Reproduce all the data exactly, without pictures.

----------------

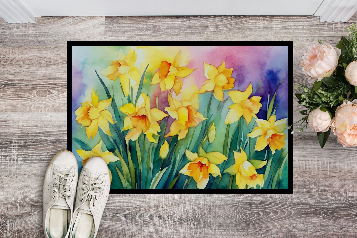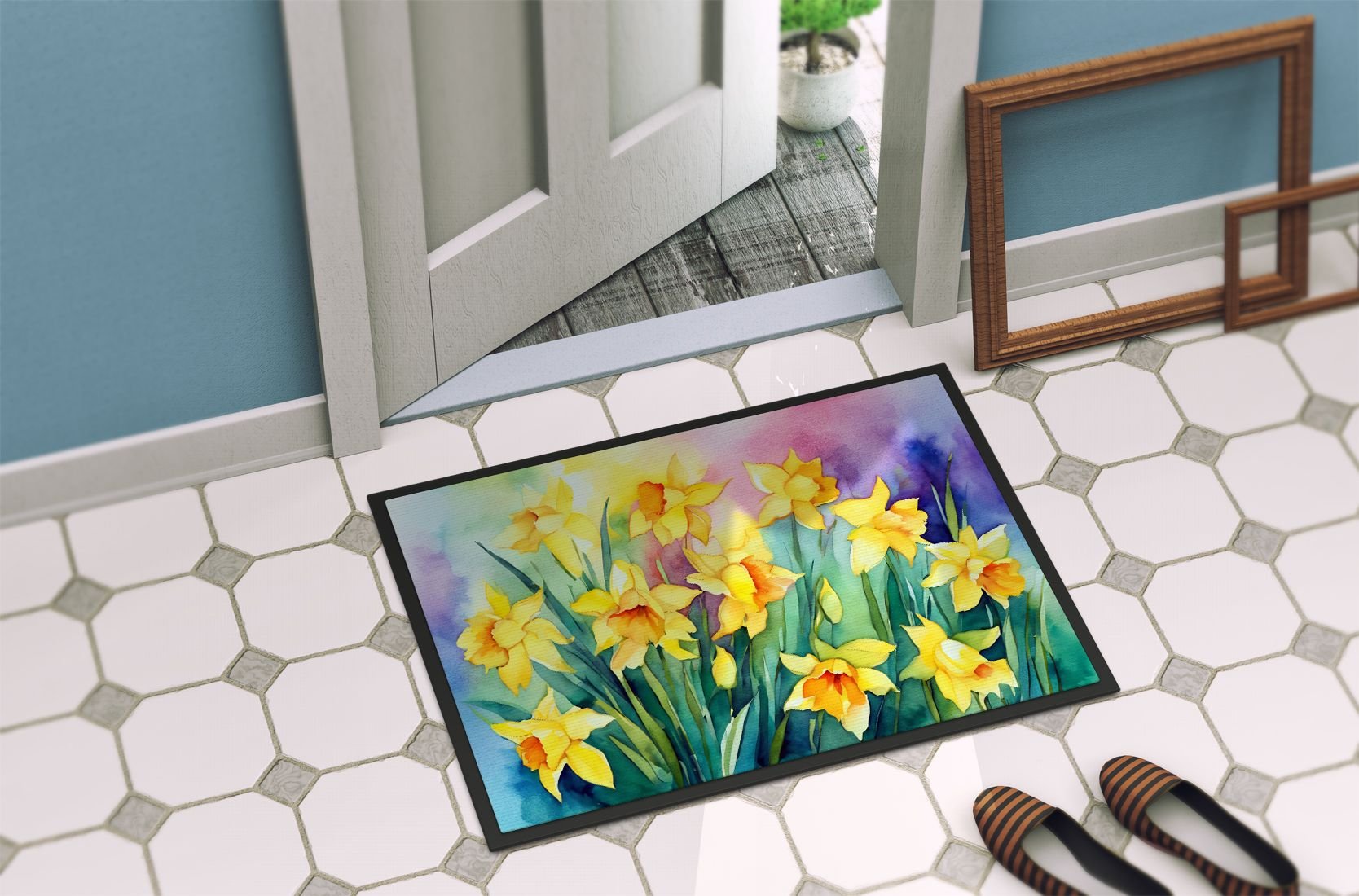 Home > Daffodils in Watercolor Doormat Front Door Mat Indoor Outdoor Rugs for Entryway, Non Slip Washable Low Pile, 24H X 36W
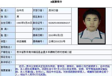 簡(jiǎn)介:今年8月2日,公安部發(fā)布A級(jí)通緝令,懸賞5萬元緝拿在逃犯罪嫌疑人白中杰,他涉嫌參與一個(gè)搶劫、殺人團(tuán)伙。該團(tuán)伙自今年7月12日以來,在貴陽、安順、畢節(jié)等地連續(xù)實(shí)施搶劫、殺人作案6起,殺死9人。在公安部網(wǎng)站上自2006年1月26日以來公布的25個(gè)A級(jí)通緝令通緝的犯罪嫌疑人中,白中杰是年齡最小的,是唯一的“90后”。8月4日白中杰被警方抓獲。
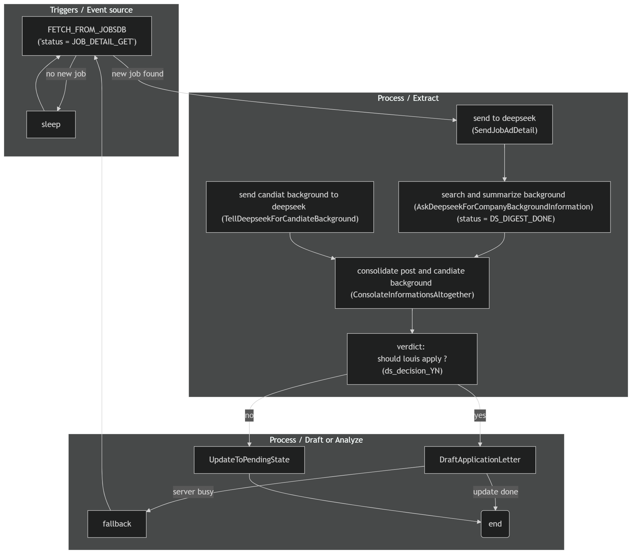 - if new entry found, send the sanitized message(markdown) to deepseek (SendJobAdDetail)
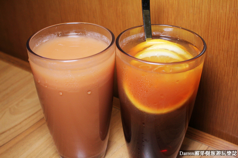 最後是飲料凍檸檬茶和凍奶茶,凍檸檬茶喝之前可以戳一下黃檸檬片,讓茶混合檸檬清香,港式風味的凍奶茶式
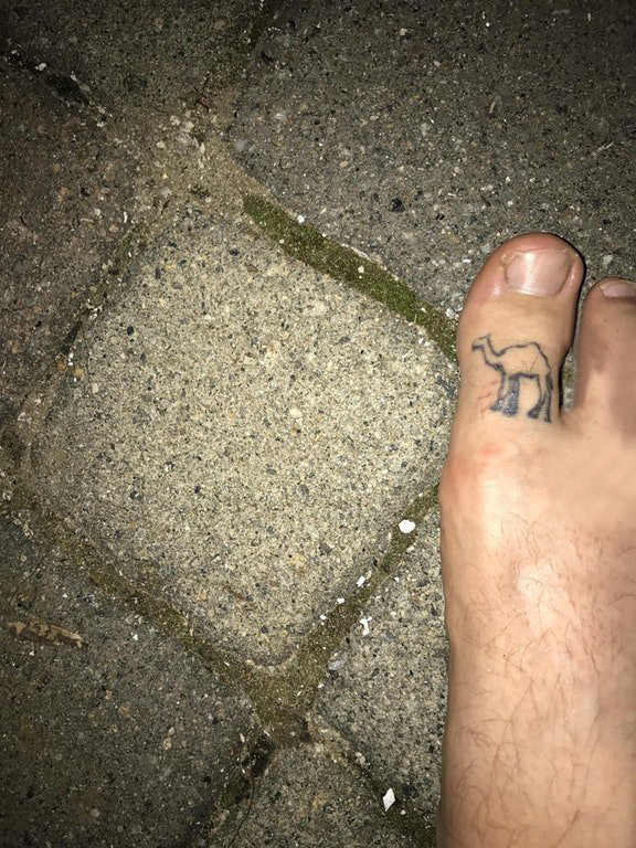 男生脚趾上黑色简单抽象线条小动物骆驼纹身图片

----------------

REPLY —
 Home > Daffodils in Watercolor Doormat Front Door Mat Indoor Outdoor Rugs for Entryway, Non Slip Washable Low Pile, 24H X 36W
 簡(jiǎn)介:今年8月2日,公安部發(fā)布A級(jí)通緝令,懸賞5萬元緝拿在逃犯罪嫌疑人白中杰,他涉嫌參與一個(gè)搶劫、殺人團(tuán)伙。該團(tuán)伙自今年7月12日以來,在貴陽、安順、畢節(jié)等地連續(xù)實(shí)施搶劫、殺人作案6起,殺死9人。在公安部網(wǎng)站上自2006年1月26日以來公布的25個(gè)A級(jí)通緝令通緝的犯罪嫌疑人中,白中杰是年齡最小的,是唯一的“90后”。8月4日白中杰被警方抓獲。
 - if new entry found, send the sanitized message(markdown) to deepseek (SendJobAdDetail)
 最後是飲料凍檸檬茶和凍奶茶,凍檸檬茶喝之前可以戳一下黃檸檬片,讓茶混合檸檬清香,港式風味的凍奶茶式
 男生脚趾上黑色简单抽象线条小动物骆驼纹身图片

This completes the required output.